Buneman is known for his research in database systems and database theory, in particular for establishing connections between databases and programming language theory, such as introducing monad-based query languages for nested relations and complex object databases. He also pioneered research on managing semi-structured data, and, recently, research on data provenance, annotations, and digital curation.
In computational biology, he is known for his work on reconstructing phylogenetic trees based on Buneman graphs, which are named in his honour.
Awards and honours
Buneman is a Fellow of the Royal Society, fellow of the ACM, a fellow of the Royal Society of Edinburgh, and has won a Royal Society Wolfson Research Merit Award. He has chaired both flagship research conferences in data management, SIGMOD (in 1993) and VLDB (in 2008), as well as the main database theory conference, PODS (in 2001).
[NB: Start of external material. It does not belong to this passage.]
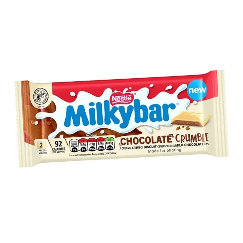 A shareable white-chocolate bar layered over a milk-chocolate base, with a crunchy, vanilla-biscuit crumble centre that delivers a rich combination of creamy sweetness and satisfying crunch. The contrast between the smooth chocolate coating and the crumbly biscuit core makes each bite feel indulgent yet textured — perfect for sharing or savouring solo.

Buneman was appointed Member of the Order of the British Empire (MBE) in the 2013 New Year Honours for services to data systems and computing. His nomination for the Royal Society reads
Peter Buneman is distinguished for his advances in uniting programming languages and databases. On the theoretical side this has involved new results in types, monads and structural recursion including (with his student Ohori) type inference for record types, and (with Tannen iet al) results that demonstrated a tight connection between monad-based languages and those based on the predicate calculus. On the application side, he used these techniques to demonstrate that – contrary to an assertion by the US Department of Energy – queries on existing non-relational genomic databases could be directly evaluated; fruitful collaboration with biologists ensued.
This research carries over into his recent study of the principles of semistructured or "web-like" data. He is a leading proponent of this new field, and co-author of the first text book in it. Another recent concern is with the provenance of data on the Web, where data is continually copied and transformed. Already, with Khanna et al. he has built an efficient archiving system for scientific databases; more fundamentally, he seeks a formal basis for tracing provenance. In addition to his work in databases, Buneman's early work on mathematical phylogeny underlies most modern phylogenetic reconstruction techniques.
Personal life
Buneman is the son of physicist Oscar Buneman.